The present invention relates to a method for measurement through the use of a digital spectrum analyzer, according to which a test signal is supplied to a device under test and the output signal therefrom is converted into a digital signal and then subjected to fast Fourier transform, thereby measuring the spectral structure of the transfer function and the output signal of the device under test.
According to a conventional digital spectrum analyzer, as disclosed in, for example, U.S. Pat. No. 3,988,669 (issued on Oct. 26, 1976), a random noise is used as a test signal and the frequency range of measurement is measured at one time, or a sine-wave signal of a single frequency is generated, the frequency of which is sequentially changed to sweep the entire frequency range of measurement, and for each frequency change, a fast Fourier transform is carried out.
The measurement by the use of noise is short in time but poor in accuracy. In particular, a resonance or anti-resonance portion in the transfer function characteristic of the device under test, where the transfer function undergoes an abrupt change with frequency change, becomes dull, making accurate measurement impossible. On the other hand, in the case of sequentially changing the frequency of the single sine-wave signal, the portion of abrupt variations in the transfer function can also be measured faithfully, but this method is very time-consuming.

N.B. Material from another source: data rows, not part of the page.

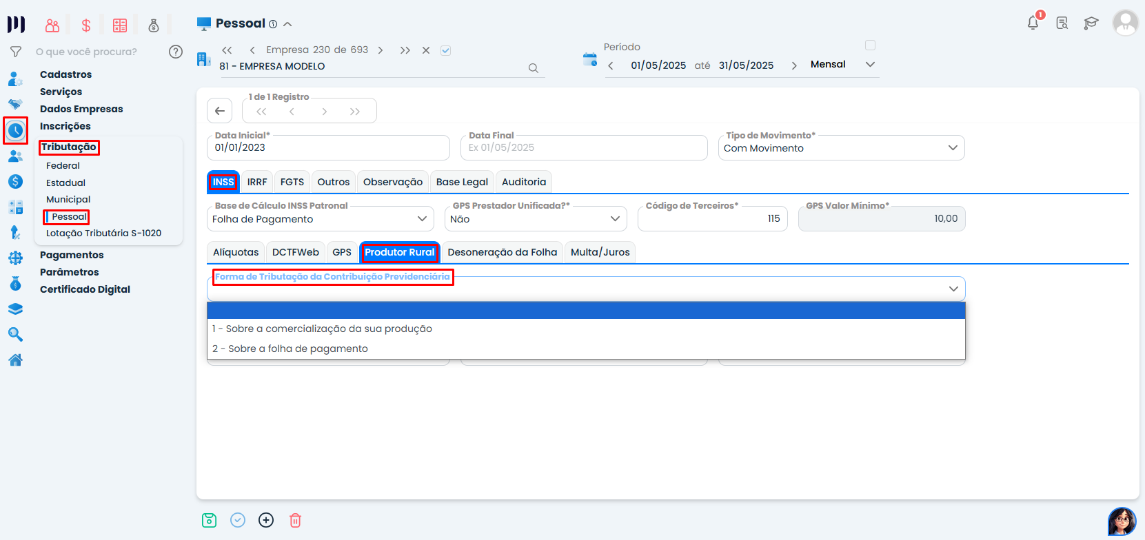Vá até Preparar → Tributação → Pessoal, na aba Produtor Rural.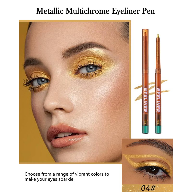 - Multichrome Metallic Eyeliner Pen - This long-lasting, shimmering gel eyeliner pencil comes in six different shades for a variety of stylish looks. When exposed to different angles of light, its color changes with the light to give a shimmering metallic sheen. Make you the center of attention in the crowd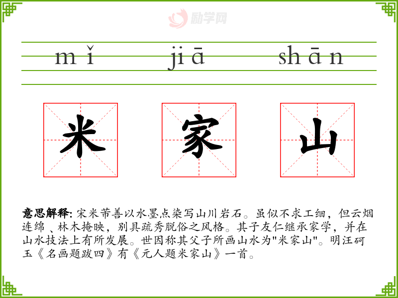 米家山的意思是:宋米芾善以水墨点染写山川岩石。虽似不求工细,但云烟连绵﹑林木掩映,别具疏秀脱俗之风格。其子友仁继承家学,并在山水技法上有所发展。世因称其父子所画山水为"米家山"。明汪砢玉《名画题跋四》有《元人题米家山》一首。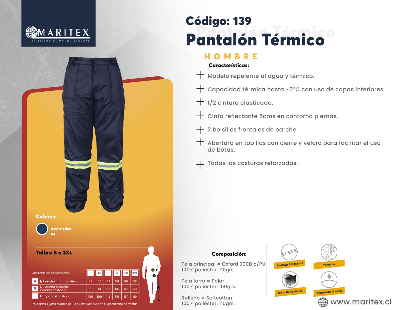 Este pantalón de trabajo térmico para hombre está diseñado para ofrecer calidez y protección en condiciones frías y húmedas. Su material repelente al agua y el forro de polar aseguran que te mantengas seco y abrigado, mientras que la cinta reflectante proporciona visibilidad en entornos con poca luz. Ideal para mantenerte cómodo y seguro durante tus jornadas laborales más exigentes.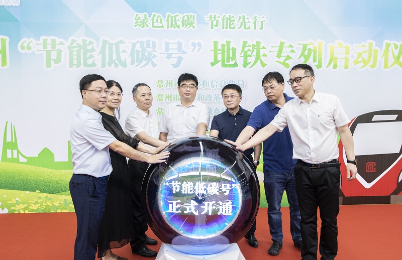 专列启动仪式在常州市地铁同济桥站内举行,市工信局严德群局长宣布专列开通,市发改委、住建局、事管局以及国网常州供电公司、常州地铁公司相关负责人共同开启启动球并乘坐专列体验本次宣传成果。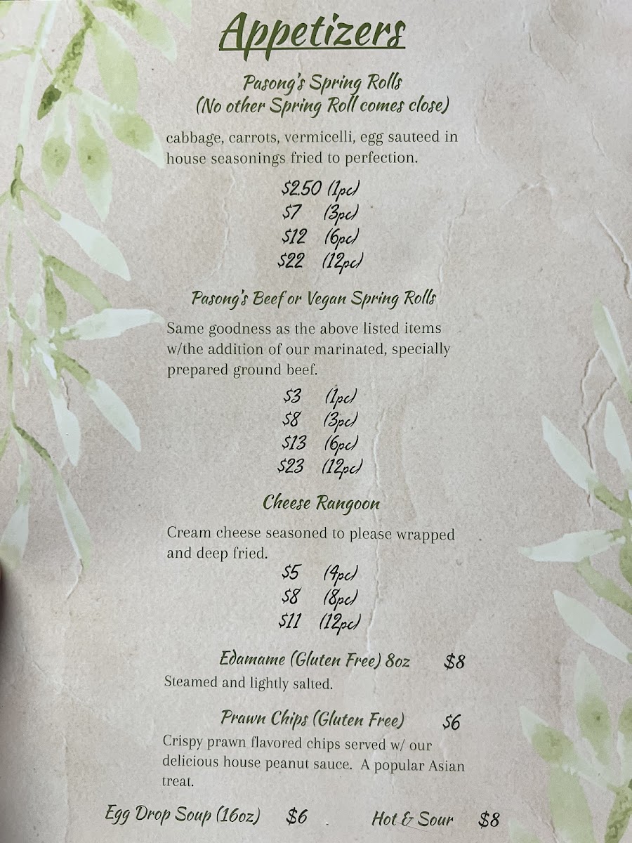 Pasong's Cafe offers a thoughtfully curated menu centered around Asian fusion classics with a casual, welcoming vibe. The selection feels just right for a laid-back lunch, a comforting dinner, or a relaxed gathering with friends and family. You’ll find a blend of familiar favorites and distinctive flavors that invite both easy enjoyment and a bit of culinary curiosity.
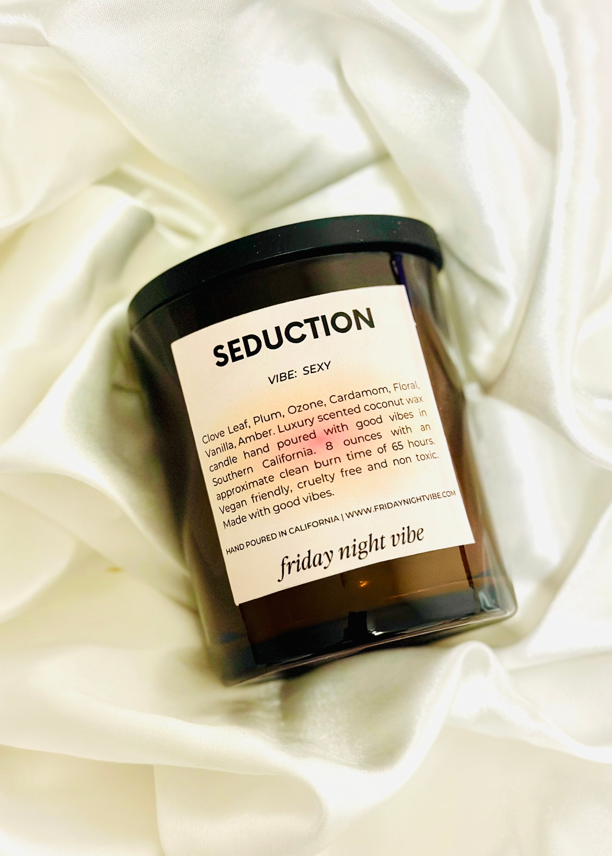 Approximate burn time 8oz candle: 65+ hours, reusable amber glass vessel, black wooden lid included
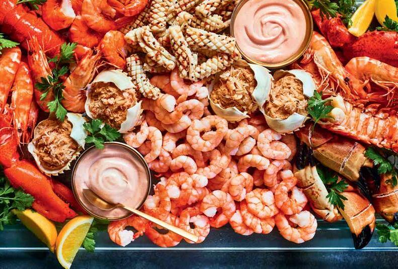 This luxurious platter is a wowworthy feast of lobster and crab claws, dressed mini Atlantic crabs, calamari, Madagascan crevettes, black tiger and Honduran king prawns and two juicy Atlantic lobster tails. It’s finished with Marie Rose sauce, fresh lemon and parsley.
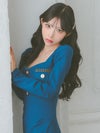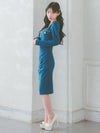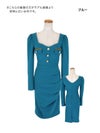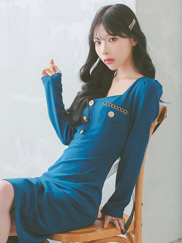 [韓国ドレス] ゴールドボタン付き長袖カシュクールタイトミニドレス

In the prior art, prior to the measurement, the input level of an AD converter for the input signal is set by selecting a suitable gain (or attenuation), which is commonly referred to as range setting (sensitivity setting), so that the input level of the AD converter assumes an optimum value for effectively utilizing its conversion range, and the measurement is performed at the thus set sensitivity over the entire frequency range of measurement. With this method, however, in the case where the level of a spectrum in the frequency range of measurement undergoes relatively great variations (that is, when the dynamic range is large), no accurate measurement can be achieved. That is, there are the possibilities that the high-level portion in the frequency range of measurement is saturated to produce a distortion and, in the low-level portion, that the number of effective bits in its converted digital signal output is small, resulting in lowered accuracy of measurement.
Moreover, according to the prior art, fast-Fourier-transformed line spectra are equally spaced in frequency over the entire frequency range of measurement. On account of this, measurement for the high-frequency region can be achieved with high resolution for frequency, but frequency resolution in the low-frequency region is low.